In my webapp, users can create recurring invoices that need to be generated and sent out at certain dates each month. For example, an invoice might need to be sent out on the 5th of every month.
I am using Kue to process all my background jobs so I want to do it in this case as well.
My current solution is to use setInterval() to create a processRecurringInvoices job every hour. This job will then find all recurring invoices from database and create a separate generateInvoice job for each recurring invoice.
The generateInvoice job will then actually generate the invoice, and if needed, will also in turn create a sendInvoiceToEmail job that will email the invoice.
At the moment this solution looks good to me, because it has a nice separation of concerns, however, I have the following questions:
I am not sure if I should wait for all the 'child' jobs to complete before I call done() on the main processRecurringInvoices job?
Where should I handle errors? Should i pass them back to the processRecurringInvoices job or should I handle them separately for each job?
How can I make sure that if processing takes extra long time (more than an hour), and either processRecurringInvoices or any of the child jobs are still runnning, the processRecurringInvoices job is not created again? Kind of like a unique job, or mutual exclusion?
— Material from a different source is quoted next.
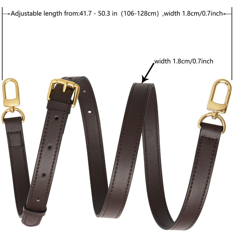 - 【Purse strap Size】Adjustable length from:41.7 - 50.3 in(106-128cm),width 1.8cm/0.7inch.Includes gold snap hooks suitable for crossbody and shoulder bags.

Instead of "processRecurringInvoices" it might be easier to think of it as a job that initiates other, separate invoice-processing jobs. Thinking of it this way, once the invoice processing jobs have been enqueued, you can safely call done() on the job that kicks them all off.
Thinking of the problem in the way described in question 1, errors should be handled within each of the individual invoice processing jobs. If an error occurred finding potential invoice jobs, then that would probably be handled in the processRecurringInvoices jobs.
you can use kue.Job.rangeByType() to search for currently active jobs. If a job is active, you can skip kicking it off again.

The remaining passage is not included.